## Problem description
The material below includes pictures; leave them out and return only the lines between the line containing "Paysage napolitain animé" and the line containing "Đầu tiên, các", inclusive, word for word.
Material to process Start Marker
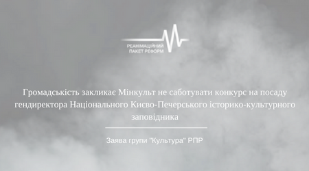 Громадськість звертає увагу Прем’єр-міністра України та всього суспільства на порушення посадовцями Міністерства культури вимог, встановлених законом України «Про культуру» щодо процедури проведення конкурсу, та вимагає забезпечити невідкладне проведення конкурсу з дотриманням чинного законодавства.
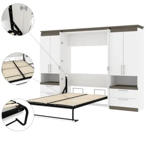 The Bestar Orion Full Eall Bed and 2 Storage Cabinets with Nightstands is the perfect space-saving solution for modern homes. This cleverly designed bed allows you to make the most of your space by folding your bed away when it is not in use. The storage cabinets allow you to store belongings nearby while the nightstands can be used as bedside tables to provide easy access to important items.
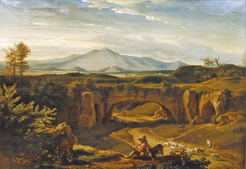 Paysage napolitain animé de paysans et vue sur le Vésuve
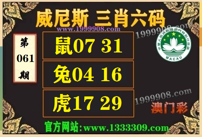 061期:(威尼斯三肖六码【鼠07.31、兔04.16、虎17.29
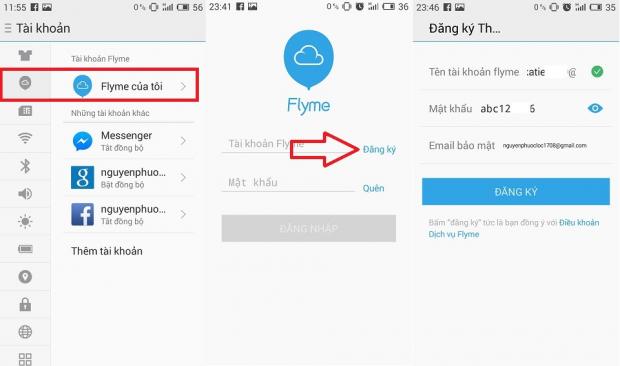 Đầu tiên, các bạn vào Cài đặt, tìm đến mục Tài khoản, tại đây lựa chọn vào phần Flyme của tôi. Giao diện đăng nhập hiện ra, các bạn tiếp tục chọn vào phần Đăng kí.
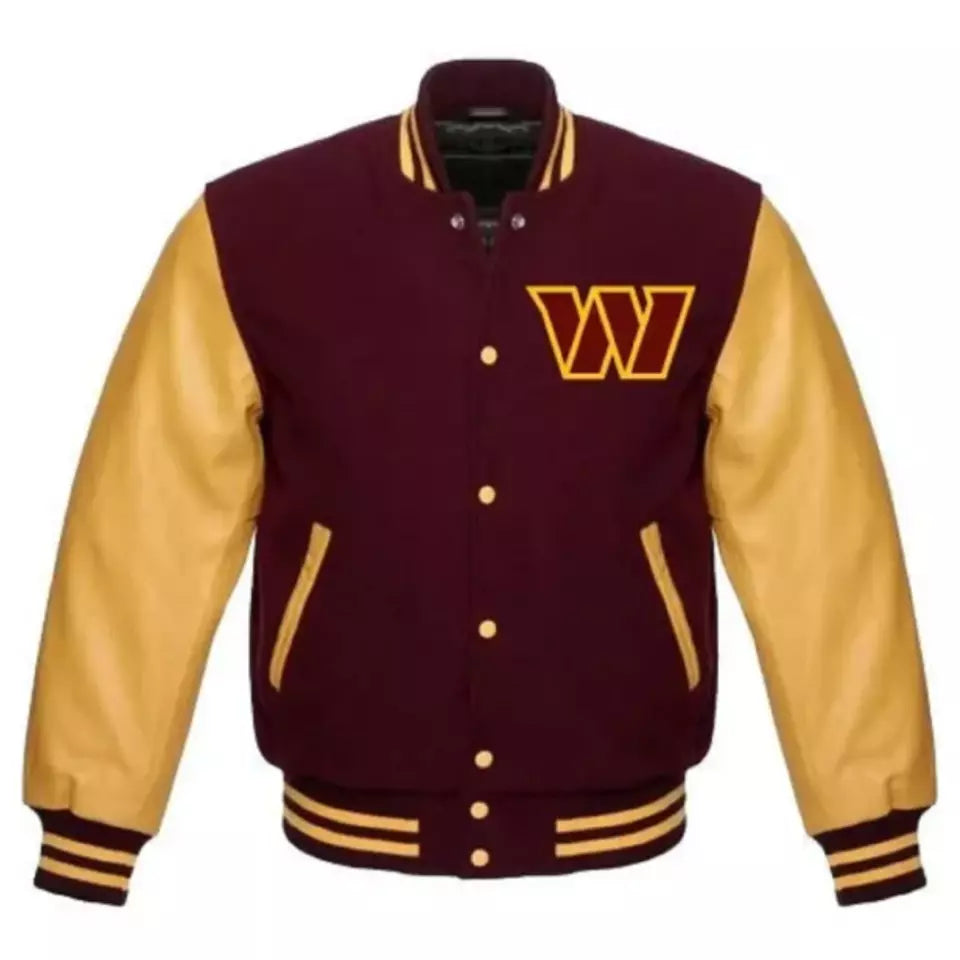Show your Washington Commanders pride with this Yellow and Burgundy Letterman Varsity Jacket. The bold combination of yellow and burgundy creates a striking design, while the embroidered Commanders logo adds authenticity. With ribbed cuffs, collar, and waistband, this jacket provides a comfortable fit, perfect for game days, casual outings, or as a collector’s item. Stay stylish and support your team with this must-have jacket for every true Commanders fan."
Material to process End Marker
## Reply
 Paysage napolitain animé de paysans et vue sur le Vésuve
 061期:(威尼斯三肖六码【鼠07.31、兔04.16、虎17.29
 Đầu tiên, các bạn vào Cài đặt, tìm đến mục Tài khoản, tại đây lựa chọn vào phần Flyme của tôi. Giao diện đăng nhập hiện ra, các bạn tiếp tục chọn vào phần Đăng kí.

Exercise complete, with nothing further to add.